The following is a Peco medija contribution
Spending time on your investments isn’t all you have to do to succeed.
You know how the old saying goes; practice makes perfect. And while this is certainly true for artists, athletes, and musicians, is it the same for those of us with investment portfolios? The answer is a resounding yes, and here’s why.
The art of deliberate practice
While there are many studies proving that continued practice does indeed improve skills and performance, they also highlight the fact that repetition doesn’t always have the same effect. And this is why we must focus our practice on a particular aspect. This is what is commonly known as deliberate practice.
Now before we delve into anything investment related, let’s first take a closer look at this type of practice as described by Cal Newport, a computer science professor at the Massachusetts Institute of Technology. Newport felt so strongly about the topic that he wrote a book So Good They Can’t Ignore You. In it, he lists his theories on improving both productivity and skills.
Newport’s theory on deliberate practice is of particular interest to us as it can be used in practically any discipline. Football players, writers, and even poker pros use this method of practice to hone their skills in their free time. Newport feels that truly successful people will focus their efforts on the aspects of their chosen discipline that they cannot do rather than practicing the aspects that they are already familiar with. So while an average soccer player might continue practicing a simple skill like passing the ball, a dedicated player will practice placing the ball in the top right corner of the goal hundreds of times until they have mastered it.
So what does this deliberate practice thing have to do with investments?
Malcolm Gladwell’s popular theory that it takes 10,000 hours of practice at something to become an expert is where we’re going to start. This theory, as you may have guessed claims that it takes considerable practice before a person can expect a meaningful result from their efforts. So if we apply this to investments, we could say that you’d need to spend at least a couple of years of non-stop investing before you could consider yourself an expert.
Now anyone with any experience in investing will know that this is patently wrong. The amount of time you spend playing with stocks and bonds does not make you an expert.
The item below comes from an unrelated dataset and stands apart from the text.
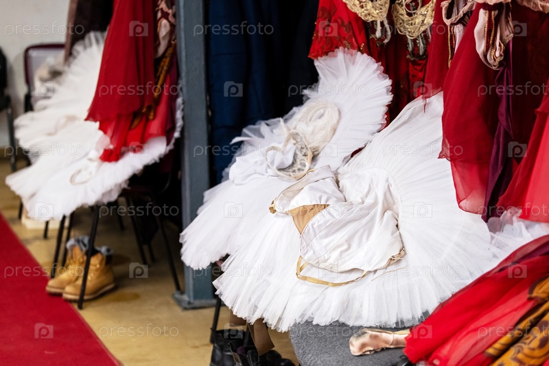 Белые тутусы и красные костюмы на стульях с наружной обувью под ними в театральной раздевалке

As Newport said, it’s how you spend that time that is important.
So let’s take a look at this practice idea from an investment perspective. Whether it’s blockchain or stocks matter not, if you have little experience in the world of investments, you’re going to make a few mistakes. In fact, you might even make a lot. You may hold your investments in the wrong accounts from a tax perspective or simply make the wrong call at the wrong time. While these mistakes might seem like rookie errors to most, to the novice investor, they’re a major drawback. Add to that the fact that there’s no real feedback from peers on what has gone wrong and you can see that there really is no substitute for experience.
But when we move past those early rookie mistakes and start taking a deeper interest in our investments, we begin to take more risks. And that’s when we start to realize that there may be certain aspects of our investment practices that need improving. But at this point, the word practice might have tones of risk associated with it. After all, you’re likely playing around with larger sums than you were at the start of your journey.
So how to practice without risking it all? The simplest way is to use a platform for dummy trading or practice investing. Now there are a few out there, and each has both its pros and cons, so we’re not going to recommend one. But we will advise you to do your homework before opting for one over another. These platforms allow you to make investments using virtual money, but the cash side of it is the only thing that’s not real.
Your dummy dollars (no they’re not really called that) will be used to invest virtually in real companies, and your investment will fluctuate according to the markets. Using this approach, you can then focus your efforts on honing those investment skills that need improving the most without taking too great a risk. As you can imagine, this opportunity for practice has incredible benefits and while we’re not really proponents of playing with fake money, when it comes to practicing your investment skills, it’s a real win-win situation.